Companies at the Various Levels of the Big Data Stack

Revenue figures included below are accurate for 2014 or 2015, when the Coursera content for the course this note is based on was originally generated.

This post presents a very simplified model of the big data stack, and some examples of the companies that operate on each level of the stack. For purposes of this post, the stack consists of three levels:

  • Desktop Commercial Software
  • Databases and Enterprise Software
  • Computers and Routers (Hardware)

All of these companies share a common goal: they are trying to rebuild themselves as offering just-in-time and real-time data to enable humans or computers to make data-driven decisions. This means most of them are investing extensively in predictive analytics and machine learning projects. Examples include IBM Watson and Microsoft Azure.
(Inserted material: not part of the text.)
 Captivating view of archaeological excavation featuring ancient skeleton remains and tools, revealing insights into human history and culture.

The major players for each level are discussed below.

Computers and Routers (Hardware)

This part of the stack consists of hardware, chips, monitors and other physical components assembled to make computers, routers, and servers.
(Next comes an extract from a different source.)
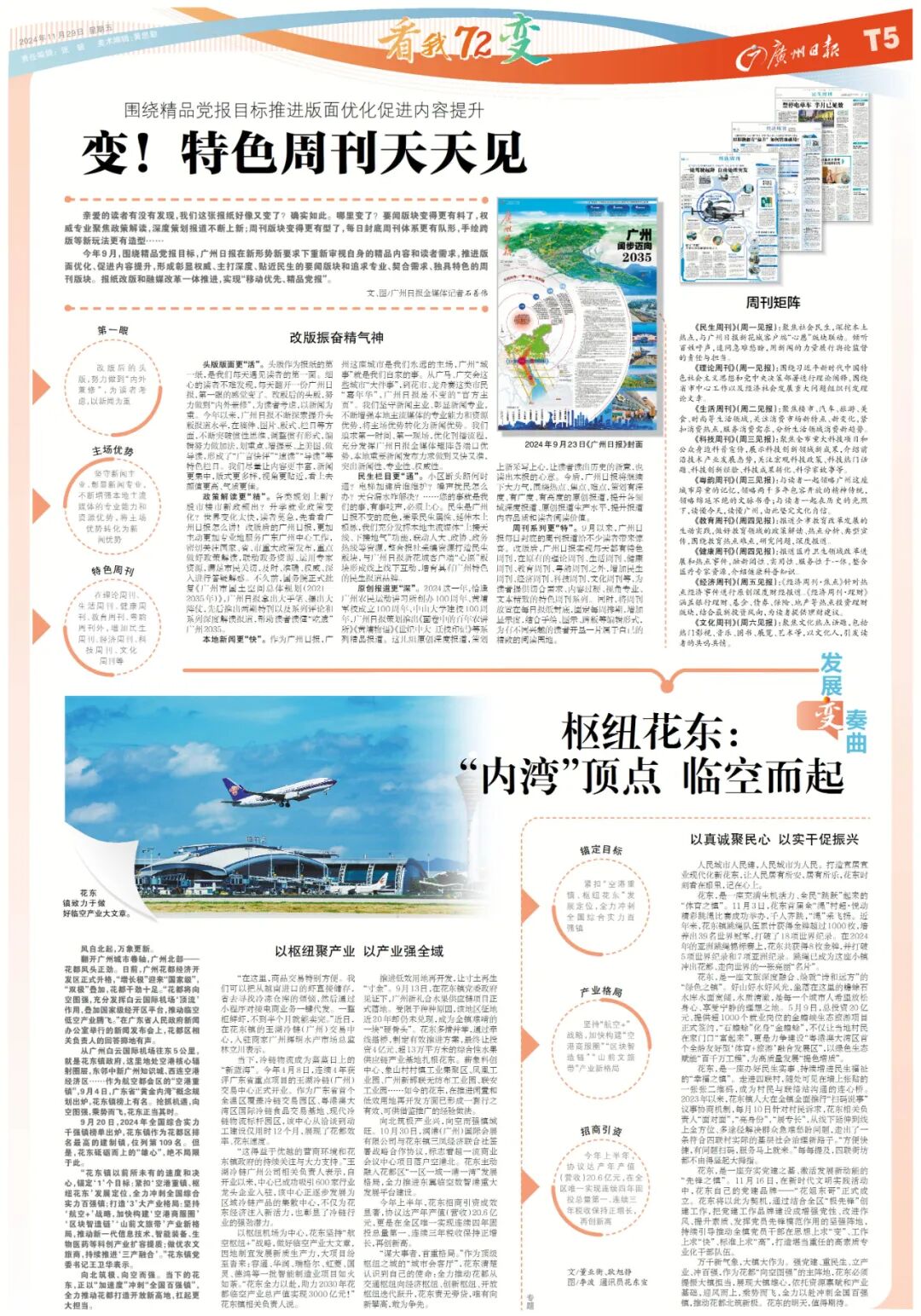 要闻版块变得更有料了,权威专业聚焦政策解读,深度策划报道不断上新;周刊版块变得更有型了,每日封底周刊体系更有队形,手绘跨版等新玩法更有造型……今年9月,围绕精品党报目标,广州日报在新形势新要求下重新审视自身的精品内容和读者需求,推进版面优化、促进内容提升,形成彰显权威、主打深度、贴近民生的要闻版块和追求专业、契合需求、独具特色的周刊版块。报纸改版和融媒改革一体推进,实现“移动优先、精品党报”。![]()

  • Apple ($224B), Intel ($55B), Cisco ($49B), Texas Instruments ($13B), AMD ($4.6B)

Apple is unique among the companies listed because it actually operates at all levels of the data stack, from the chips and components to operating systems and applications all the way to value-added services like Apple Music and iCloud. The business model they have has been enormously successful as they are largest IT company in the world.

Databases and Enterprise Software

  • IBM ($86B), Oracle ($38B), SAP ($21B), Symantec ($6.7B), VMware ($6B), Salesforce ($4.1B), Teradata ($2.7B)

This part of the stack focuses on enterprise, relational and distributed databases, large enterprise software applications, and scalable operating systems. Generally, only professionals interact with this software, and it is less user-friendly than software designed for consumers.

IBM is primarily focused on building enterprise systems for companies. Oracle focuses more on large databases that handle high traffic, and for software for customer relationship management, finance, human resources, and supply chain management. Oracle has slowly dominated its particular segment. One of its last remaining competitors is Teradata, also listed above. Salesforce is a hybrid company that offers complex enterprise software to manage customer relationships, but offers it as a hosted service. Symantec makes enterprise security software, and VMware focuses on software that enables multiple operating systems and users on a single computer.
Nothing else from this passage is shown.